Ziemlich genau ein Jahr später findet dann das erste richtige Treiben im Gerichtsbezirk Wasserburg, und zwar bei Rott am Inn statt. Es gibt darauf nur indirekte Hinweise: in der Gegend von Schalldorf verlief die Nacht vom 17. auf 18. Oktober 1846 sehr unruhig, es wurden 20-25 Schüsse gehört und Burschen in kleineren Rotten gesehen, die durch die Nacht marschierten. Die Gendarmerie vermutete, dass in Schalldorf ein erster Treffpunkt für die Teilnehmer dieses Treibens in Rott gewesen sei. Da der Zuzug aus dem Westen kam, waren wohl keine Personen aus dem Wasserburger Bezirk aktiv am Treiben beteiligt. Ein Jahr später, 1847 soll dann laut Zipperer[9] in Schalldorf ein Treiben stattgefunden haben. Dazu gibt es keine weiteren Hinweise in den Akten. Ein weiteres Treiben am Rande des Gerichtsbezirks Wasserburg wird in der Nacht von 24. auf 25. November 1848 aus Zaissering gemeldet. Beteiligt waren allerdings nur 20 bis 25 Mann.[10]

Prutting 8./9.12.1850[11]

Zwei Jahre später veranstalten in der Nacht von 8. auf 9. Dezember 1850 etwa 40 bis 50 Burschen ein Treiben in Prutting. Der Zuzug erfolgt durch Riedering, das 8 Tage zuvor schon einen Habererdurchzug zum Treiben nach Hetzenbichl erlebt hatte. Es gibt dazu keine Schilderungen. Möglicherweise hat sich dort oder um Söllhuben ein kleiner Ableger der Habererorganisation gebildet, denn der Inn bildete immer noch ein Hindernis, das nur mit Gefahr zu überwinden war. Bis 1864 beschränkten sich die Aktivitäten der Haberfeldtreiber also auf den Süden des Gerichtsbezirks.

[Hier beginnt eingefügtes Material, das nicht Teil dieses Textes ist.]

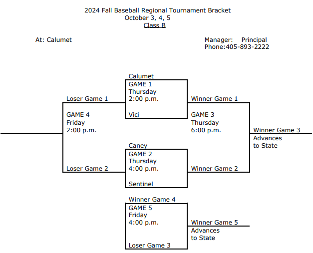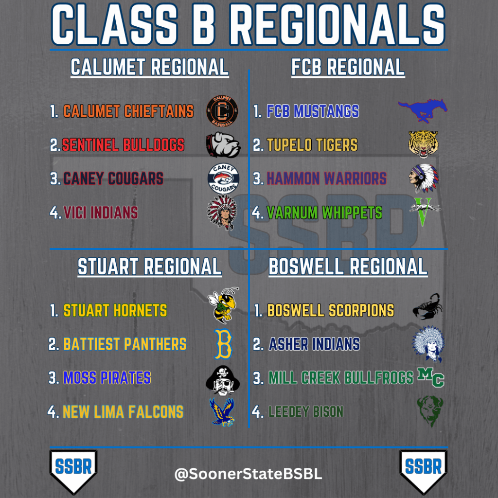 Below you will find the brackets for each Regional with Calumet, Ft Cobb-Broxton, Stuart, and Boswell hosting a Regional. This was based on the final OSSAA rankings that came out on September 23.

Die Haberfeldtreiben von 1864 bis 1867

Von 1852 bis 1861 fanden insgesamt nur 2 Treiben statt. Als es dann im Dezember 1861 wieder krachte und in den darauf folgenden 6 Jahren bis 1867 mindestens 37 Treiben, davon 6 im Wasserburger Bezirk stattfanden, war allerdings von einem alten Brauch des vorigen Jahrhunderts außer dem Namen und dem Lärmen nicht viel übrig geblieben.

  • Die Haberfeldtreiber haben in diesen Jahren ihr Treibgebiet nochmals ausgeweitet, vor allem Richtung München (Aschheim, Ottendichl), aber auch nach Norden (Markt Schwaben, Finsing), Richtung Chiemsee (Stephanskirchen, Höhenmoos) und auch Richtung Wasserburg (Edling, Albaching). Die Teilnehmer nahmen zum Teil recht weite Fußwege in Kauf oder kamen mit Fuhrwerken angereist.
  • Vor den Treiben wurden an den Treffpunkten dann ein oder mehrere Fass Bier geleer, wie an Versammlungsorten aufgefundene leere Bierfässer bezeugen.
  • Die Gendarmerie ist noch aktiver - und vielfach erfolgreicher - in der Verfolgung der Treiber. Die Treiber werden -möglicherweise infolge dessen- militanter und radikaler. Sie schießen wahllos in die Ortschaften, ein Toter und mehrere Verletzte gehen auf ihr Konto. Aber auch auf ihrer Seite gibt es einen Toten und mehrere Verwundete.
  • Ihre Verse werden derber und zotiger, Treibgründe sind neben sexuellen Verfehlungen Brandstiftung, Bierpanschen, Diebstahl, Unterschlagung.
  • Die Vorwürfe richten sich hauptsächlich gegen Männer, vielfach gegen Honoratioren und Amtsträger. Nur weniges ist nachweislich wahr und das liegt oft schon Jahre zurück.
  • Die Treiben selbst bieten über einen Zeitraum von bis zu zwei Stunden neben den äußerst deftigen Versen Attraktionen wie das Auftreten von Musikern und das Abschießen von Raketen. Mit scharfer Munition wird in die Luft und auf die Dächer der Orte geschossen. Dadurch steigen die Teilnehmerzahlen auf bis zu 200 Teilnehmer. Das militärische Marschieren (sich in der Gruppe stark fühlen), das Raketenabschießen, das Herumknallen mit scharfer Munition spricht auch dafür, daß es vor allem zu einer Belustigung der Teilnehmer diente und dabei zu einer üblen Form, sich an unliebsamen Bürgern anonym zu rächen, mutierte.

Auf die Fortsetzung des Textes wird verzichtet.